The term “wild” conjures romantic feelings in our culture. When we see wild animals through the windows of our cars, we’re often thrilled. We’ll pull off of a road and stop to admire a wild animal. We take photographs and post them on the Internet. As a resident of Wyoming, I can attest: people travel for thousands of miles to drive the roads of my home state, just for the chance to maybe see something wild. The term feral does not move us that way. We don’t plan summer vacations around feral animals. With regard to the feral—we feel disdain.
Animals are animals. Even so, some we like and some we don’t. We take naps with some of them on the couch. Some we butcher and eat. We love German shepherds, but we built a Federal office with the charge of trapping, poisoning, and blowing up the dens of coyotes. We snuggle with huskies, but in most of Wyoming, anyone can shoot a wolf on sight. Scholars have only recently begun to give attention to the significance that we attach to animals. In contrast, social scientists have spent years giving thought to the ways that we treat each other.
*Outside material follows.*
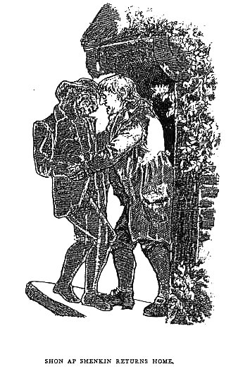 In the legend of lola ap Hugh, than which no story is more widely known in Wales, the fairy origin of that famous tune 'Ffarwel Ned Pugh' is shown. It is a legend which suggests the Enchanted Flute fancy in another form, the instrument here being a fiddle, and the victim and player one under fairy control. In its introduction of bread and cheese and candles it smacks heartily of the soil. In North Wales there is a famous cave which is said to reach from its entrance on the hill-side under the Morda, the Ceiriog, and a thousand other streams, under many a league of mountain, marsh and moor, under the almost unfathomable wells that, though now choked up, once supplied Sycharth, the fortress of Glyndwrdwy, all the way to Chirk Castle.' Tradition said that whoever went within five paces of its mouth would be drawn into it and lost. That the peasants dwelling near it had a thorough respect for this tradition, was proved by the fact that all around the dangerous hole 'the grass grew as thick and as rank as in the wilds of America or some unapproached ledge of the Alps.' Both men and animals feared the spot: 'A fox, with a pack of hounds in full cry at his tail,' once turned short round on approaching it, 'with his hair all bristled and fretted like frostwork with terror,' and ran into the middle of the pack, 'as if anything earthly--even an earthly death--was a relief to his supernatural perturbations.' And the dogs in pursuit of this fox all declined to seize him, on account of the phosphoric smell and gleam of his coat. Moreover, 'Elias ap Evan, who happened one fair night to stagger just upon the rim of the forbidden space, was so frightened at what he saw and heard that he arrived at home perfectly sober, 'the only interval of sobriety, morning, noon, or night, Elias had been afflicted with for upwards of twenty years.' Nor ever after that experience-concerning which he was wont to shake his head solemnly, as if he might tell wondrous tales an' he dared--could Elias get tipsy, drink he never so faithfully to that end. As he himself expressed it, 'His shadow walked steadily before him, that at one time wheeled around him like a pointer over bog and stone.' One misty Hallow E'en, Iola ap Hugh, the fiddler, determined to solve the mysteries of the Ogof, or Cave, provided himself with 'an immense quantity of bread and cheese and seven pounds of candles,' and ventured in. He never returned; but long, long afterwards, at the twilight of another Hallow E en, an old shepherd was passing that-as he called it--' Land-Maelstrom of Diaboly,' when he heard a faint burst of melody dancing up and down the rocks above the cave. As he listened, the music gradually 'moulded itself in something like a tune, though it was a tune the shepherd had never heard before.' And it sounded as if it were being played by some jolting fiend, so rugged was its rhythm, so repeated its discordant groans. Now there appeared at the mouth of the Ogof a figure well known to the shepherd by remembrance. It was dimly visible; but it was lob ap Hugh, one could see that at once. He was capering madly to the music of his own fiddle, with a lantern dangling at his breast. 'Suddenly the moon shone full on the cave's yellow mouth, and the shepherd saw poor lob for a single moment-but it was distinctly and horribly. His face was pale as marble, and his eyes stared fixedly and deathfully, whilst his head dangled loose and unjointed on his shoulders. His arms seemed to keep his fiddlestick in motion without the least sympathy from their master. The shepherd saw him a moment on the verge of the cave, and then, still capering and fiddling, vanish like a shadow from his sight; but the old man was heard to say he seemed as if lie slipped into the cave in a manner quite different from the step of a living and a willing man; 'he was dragged inwards like the smoke up the chimney, or the mist at sunrise.' Years elapsed 'all hopes and sorrows connected with poor lob had not only passed away, but were nearly forgotten; the old shepherd had long lived in a parish at a considerable distance amongst the hills. One cold December Sunday evening he and his fellow-parishioners were shivering in their seats as the clerk was beginning to light the church, when a strange burst of music, starting suddenly from beneath the aisle, threw the whole congregation into confusion, and then it passed faintly along to the farther end of the church, and died gradually away till at last it was impossible to distinguish it from the wind that was careering and wailing through almost every pillar of the old church.' The shepherd immediately recognised this to be the tune Iolo had played at the mouth of the Ogof. The parson of the parish-a connoisseur in music-took it down from the old man's whistling; and to this day, if you go to the cave on Hallow eve and put your ear to the aperture, you may hear the tune 'Ffarwel Ned Pugh' as distinctly as you may hear the waves roar in a sea-shell. 'And it is said that in certain nights in leap-year a star stands opposite the farther end of the cave, and enables you to view all through it and to see lob and its other inmates.' ['Camb. Quarterly,' i., 45.]

Sociologists have spent a century trying to understand the relationships among groups of people. Among those who study groups, the work of Gordon Allport stands out as distinctive. In his book, The Nature of Prejudice, he describes the processes that lead to bigotry.
Allport suggests that our first contact with a group can color our attitudes toward them for generations. His theory hinges on the power or status of groups when they contact one another for the first time. Allport’s model predicts that two groups will enjoy respectful relations when their first contact occurs at a time when they are equal. On the other hand, when groups of unequal status meet, the contact results in racism, or a scenario where the dominant group fails to accept the humanity of the other. Of course, such views provide the make-believe justification for wars, colonialism, and even enslavement.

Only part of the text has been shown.